- Task description -
Would you output all the lines below precisely as they stand, leaving each picture out?
════
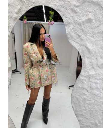Model Rozalia Dłuższa wykonany jest z luksusowej tkaniny żakardowej z bogatym, kwiatowym wzorem tkanym / haftowanym. To nie nadruk, lecz strukturalny print, który nadaje marynarce głębi, elegancji i ekskluzywnego charakteru. Każda sztuka prezentuje się niezwykle szlachetnie i jest jedyna w swoim rodzaju.
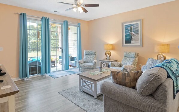 2 Br condo is at Iron Wood in Barefoot Resort on 1st floor. It backs up to the Greg Norman course on the 7th fairway. Free access to Iron Wood Pool and shuttle bus to the Tower Pool, beach, and Barefoot Landing. Free parking in front of the building. Barefoot Landing has tons of attractions, shopping, restaurants, and nightlife.
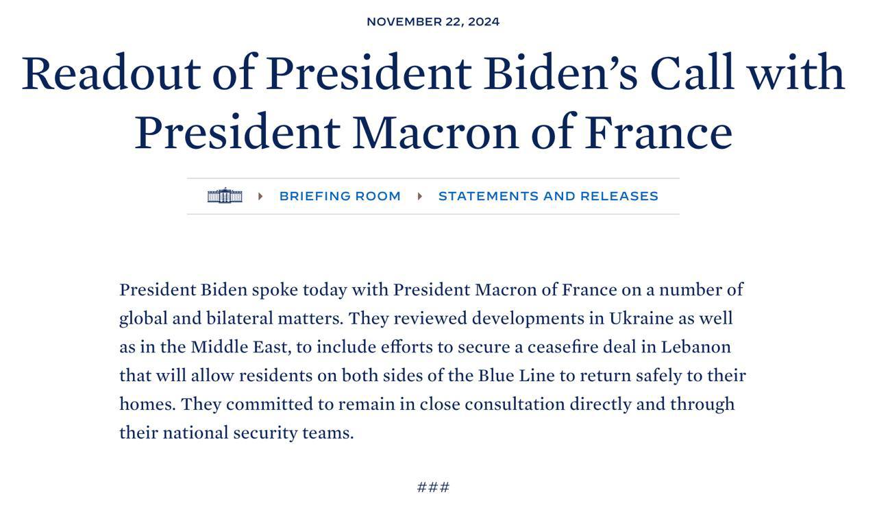 Президент Байден обсудил сегодня с президентом Франции Макроном ряд глобальных и двусторонних вопросов: события на Украине, а также на Ближнем Востоке, в том числе, усилия по достижению соглашения о прекращении огня в Ливане.
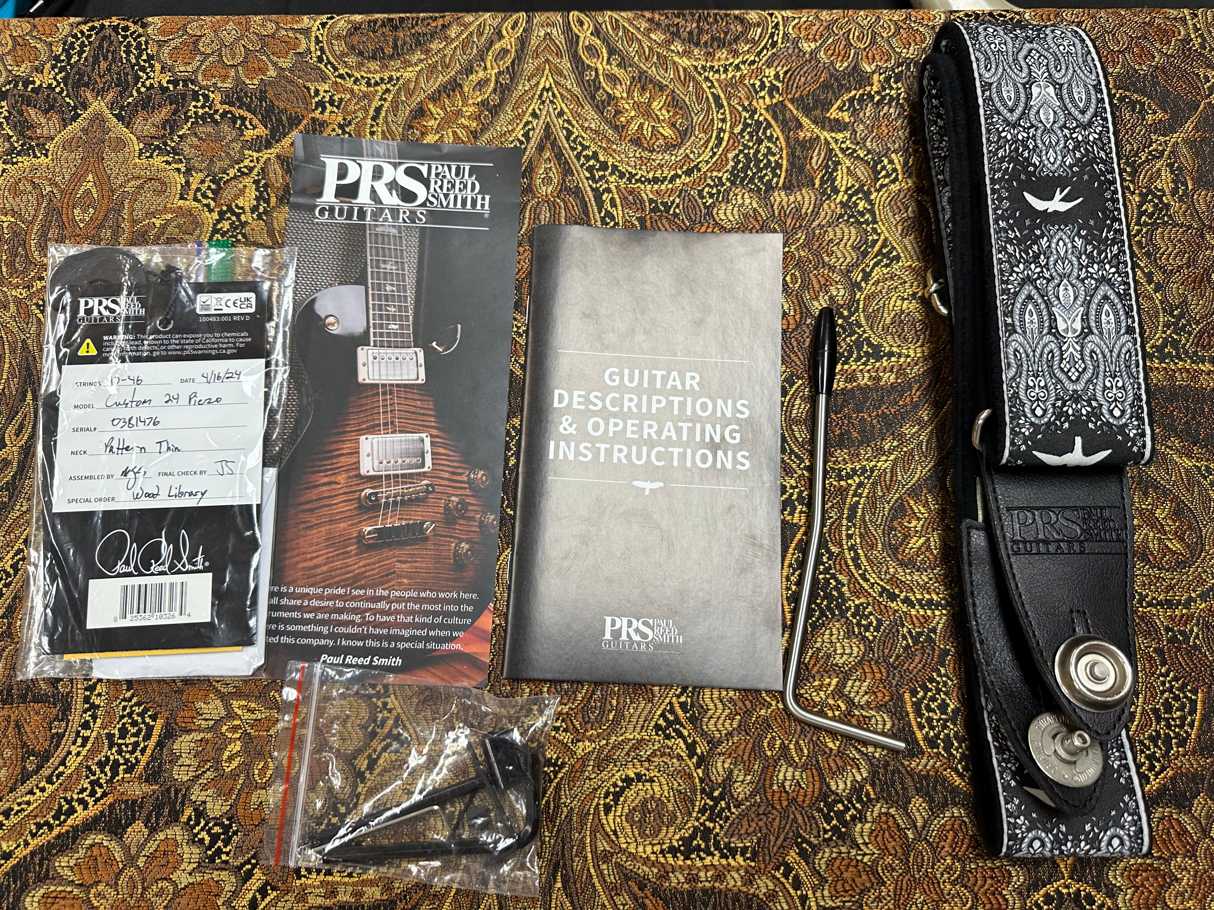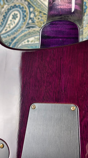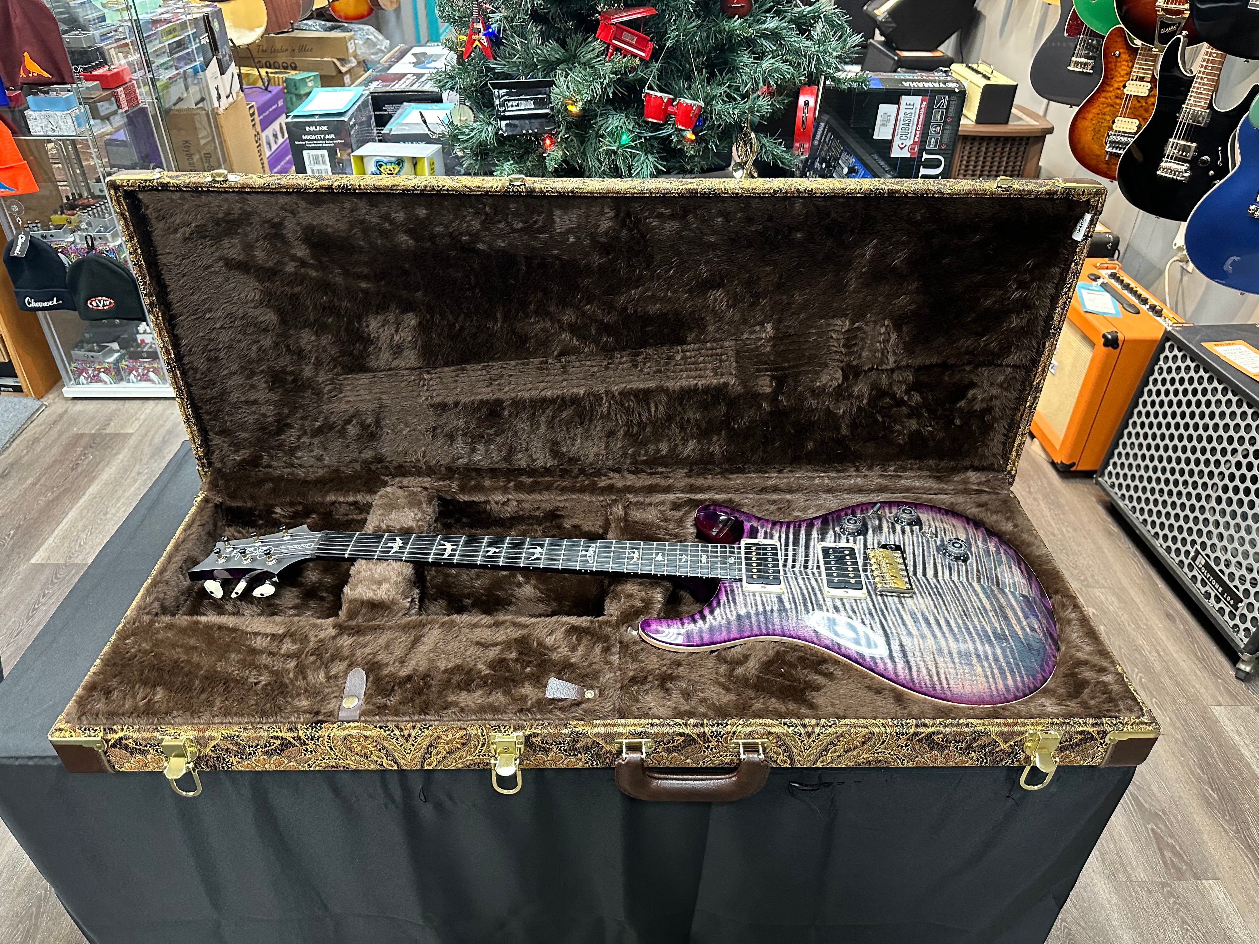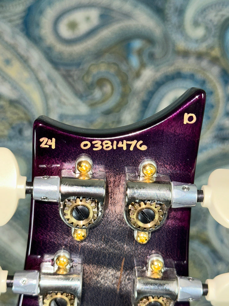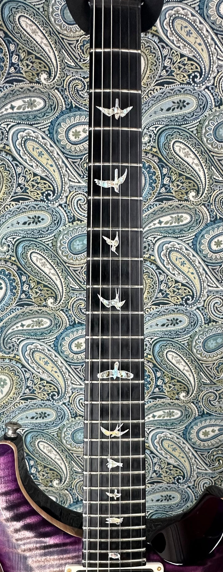 PRS Wood Library Custom 24 Piezo 10-Top Flame Charcoal Purple Burst w/ Figured Stained Neck
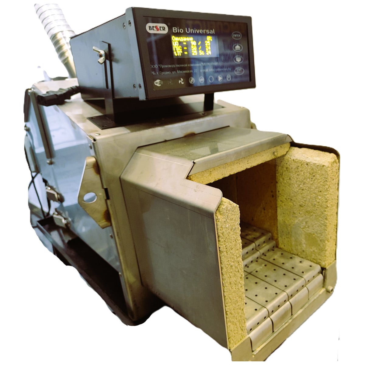 Корпус горелки является основным элементом, выполняющим также роль основания для установленного внутри оборудования, включая подвижные колосниковые решетки и систему автоматического розжига. Подходит для пеллет плохого качества и агро-пеллет, непрерывно в процессе горения топлива обеспечивает самоочистку за счет циклического возвратно-поступательного движения колосников.
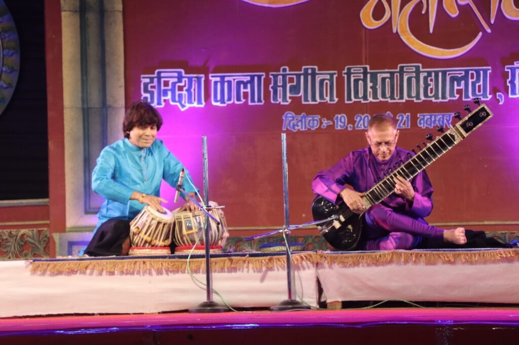 (यतेंद्र जीत सिंह “छोटू”)खैरागढ़ : महोत्सव के दूसरे गुरुवार दिन को पं. हरीश तिवारी दिल्ली के शास्त्रीय गायन, पद्मभूषण पं. बुधादित्य मुखर्जी कोलकाता (प. बं.) के सितार वादन, व्योमेश शुक्ला एवं समूह दिल्ली के राम की शक्ति पूजा तथा डॉ. पीसीलाल यादव एवं समूह गण्डई (छ.ग.) के लोकसंगीत : दूधमोंगरा की प्रस्तुति ने समां बांधे रखा।। दूसरे दिन मुख्य अतिथि के रूप में राजा आर्यव्रत सिंह राजपरिवार खैरागढ़ उपस्थित रहे।। कार्यक्रम की अध्यक्षता कुलपति प्रो.(डॉ.) लवली शर्मा ने की।।
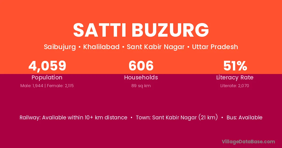 Sant Kabir Nagar (21 km) is the nearest town to Satti Buzurg village for major economic activities and is located approximately 21 km away.
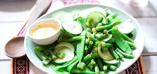Laat de sperziebonen en de peultjes uitlekken en meng de dressing erdoor. Laat dit afkoelen.
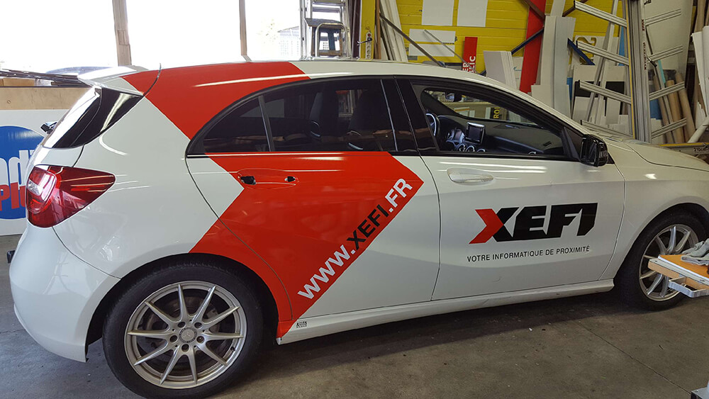Réalisation d’un covering partiel pour les véhicules de cette société spécialisée dans la vente et la maintenance de matériel informatique. Ce décor a été décliné sur toute la flotte de véhicules. Décor réalisé par nos soins
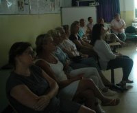 Dzisiaj w Szkole Podstawowej w Nowodworze odbyło się szkolenie, podczas którego grono pedagogiczne oraz pracownicy szkoły dowiedzieli się jak zachować się w sytuacji wtargnięcia uzbrojonego napastnika na teren placówki. Szkolenie przeprowadził Komendant Powiatowy Policji w Lubartowie modszy inspektor Andrzej Antoniewski.
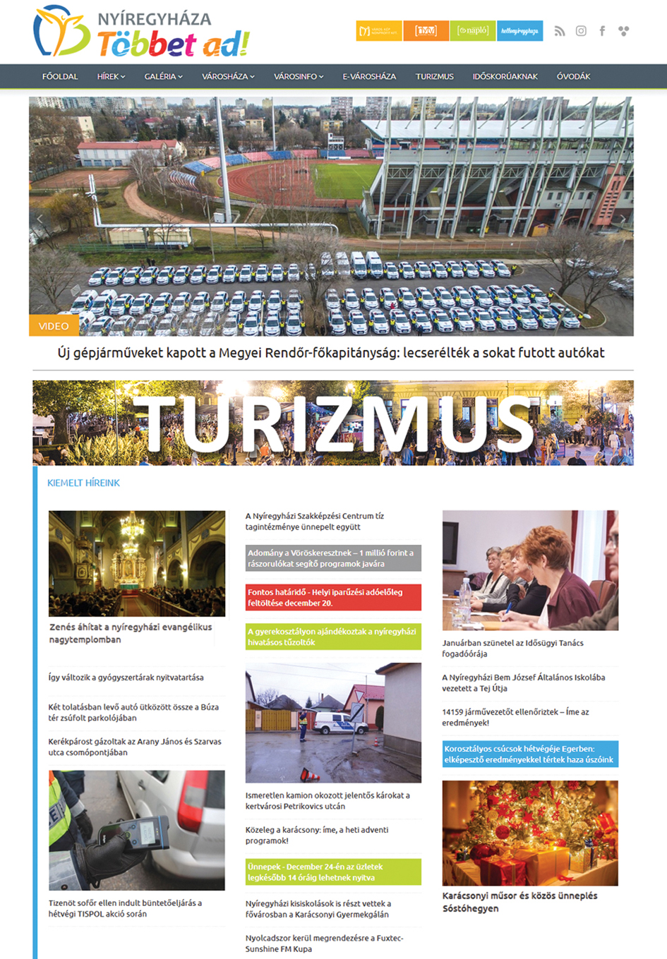 A korábbi, fontos, önkormányzathoz és Nyíregyházához kötődő funkciók is élnek: a Városháza, a Városinfo és az E-Városháza menüpontokban, melyek az ügyintézést is segítik. De egy kattintással elérhető innen a Nyírségi Turistavarázs oldala (gondolván a fejlődő idegenforgalomra), valamint a hellonyiregy¬haza.hu, médiacégünk kifejezetten a tinédzsereknek szóló tartalmakkal készülő weblapja, és az Időskorúak rovat cikkei is folyamatosan informálják a nyíregyházi szépkorúakat.
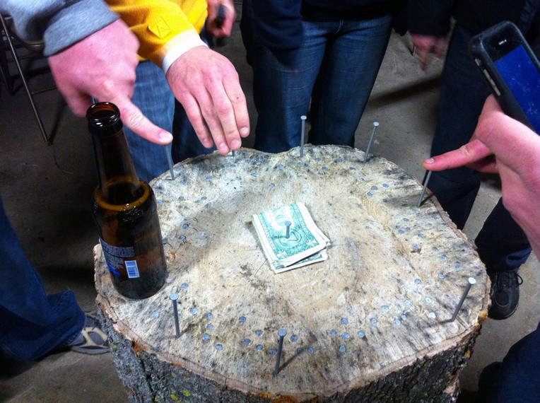 Для игры вам нужен молоток, пень, гвозди, пиво и стоять на ногах. Посередине ставят пень с торчащими из него гвоздями (на каждого игрока), которые нужно вогнать в дерево полностью. Однако это нужно сделать со всего размаха, а перед тем желательно подкинуть молоток в воздух на долю секунды. Всякий раз, когда вы не попадаете - вы выпиваете. .
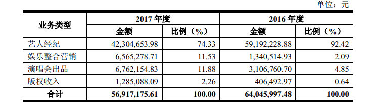 说明书显示,从业务构成来看,巨匠文化的营业收入由艺人经纪、娱乐整合营销、演唱会出品和版权收入四部分组成。其中,主要营收源于艺人经纪业务。
════
- Solution to the exercise -
Model Rozalia Dłuższa wykonany jest z luksusowej tkaniny żakardowej z bogatym, kwiatowym wzorem tkanym / haftowanym. To nie nadruk, lecz strukturalny print, który nadaje marynarce głębi, elegancji i ekskluzywnego charakteru. Każda sztuka prezentuje się niezwykle szlachetnie i jest jedyna w swoim rodzaju.
 2 Br condo is at Iron Wood in Barefoot Resort on 1st floor. It backs up to the Greg Norman course on the 7th fairway. Free access to Iron Wood Pool and shuttle bus to the Tower Pool, beach, and Barefoot Landing. Free parking in front of the building. Barefoot Landing has tons of attractions, shopping, restaurants, and nightlife.
 Президент Байден обсудил сегодня с президентом Франции Макроном ряд глобальных и двусторонних вопросов: события на Украине, а также на Ближнем Востоке, в том числе, усилия по достижению соглашения о прекращении огня в Ливане.
 PRS Wood Library Custom 24 Piezo 10-Top Flame Charcoal Purple Burst w/ Figured Stained Neck
 Корпус горелки является основным элементом, выполняющим также роль основания для установленного внутри оборудования, включая подвижные колосниковые решетки и систему автоматического розжига. Подходит для пеллет плохого качества и агро-пеллет, непрерывно в процессе горения топлива обеспечивает самоочистку за счет циклического возвратно-поступательного движения колосников.
 (यतेंद्र जीत सिंह “छोटू”)खैरागढ़ : महोत्सव के दूसरे गुरुवार दिन को पं. हरीश तिवारी दिल्ली के शास्त्रीय गायन, पद्मभूषण पं. बुधादित्य मुखर्जी कोलकाता (प. बं.) के सितार वादन, व्योमेश शुक्ला एवं समूह दिल्ली के राम की शक्ति पूजा तथा डॉ. पीसीलाल यादव एवं समूह गण्डई (छ.ग.) के लोकसंगीत : दूधमोंगरा की प्रस्तुति ने समां बांधे रखा।। दूसरे दिन मुख्य अतिथि के रूप में राजा आर्यव्रत सिंह राजपरिवार खैरागढ़ उपस्थित रहे।। कार्यक्रम की अध्यक्षता कुलपति प्रो.(डॉ.) लवली शर्मा ने की।।
 Sant Kabir Nagar (21 km) is the nearest town to Satti Buzurg village for major economic activities and is located approximately 21 km away.
Laat de sperziebonen en de peultjes uitlekken en meng de dressing erdoor. Laat dit afkoelen.
Réalisation d’un covering partiel pour les véhicules de cette société spécialisée dans la vente et la maintenance de matériel informatique. Ce décor a été décliné sur toute la flotte de véhicules. Décor réalisé par nos soins
 Dzisiaj w Szkole Podstawowej w Nowodworze odbyło się szkolenie, podczas którego grono pedagogiczne oraz pracownicy szkoły dowiedzieli się jak zachować się w sytuacji wtargnięcia uzbrojonego napastnika na teren placówki. Szkolenie przeprowadził Komendant Powiatowy Policji w Lubartowie modszy inspektor Andrzej Antoniewski.
 A korábbi, fontos, önkormányzathoz és Nyíregyházához kötődő funkciók is élnek: a Városháza, a Városinfo és az E-Városháza menüpontokban, melyek az ügyintézést is segítik. De egy kattintással elérhető innen a Nyírségi Turistavarázs oldala (gondolván a fejlődő idegenforgalomra), valamint a hellonyiregy¬haza.hu, médiacégünk kifejezetten a tinédzsereknek szóló tartalmakkal készülő weblapja, és az Időskorúak rovat cikkei is folyamatosan informálják a nyíregyházi szépkorúakat.
 Для игры вам нужен молоток, пень, гвозди, пиво и стоять на ногах. Посередине ставят пень с торчащими из него гвоздями (на каждого игрока), которые нужно вогнать в дерево полностью. Однако это нужно сделать со всего размаха, а перед тем желательно подкинуть молоток в воздух на долю секунды. Всякий раз, когда вы не попадаете - вы выпиваете. .
 说明书显示,从业务构成来看,巨匠文化的营业收入由艺人经纪、娱乐整合营销、演唱会出品和版权收入四部分组成。其中,主要营收源于艺人经纪业务。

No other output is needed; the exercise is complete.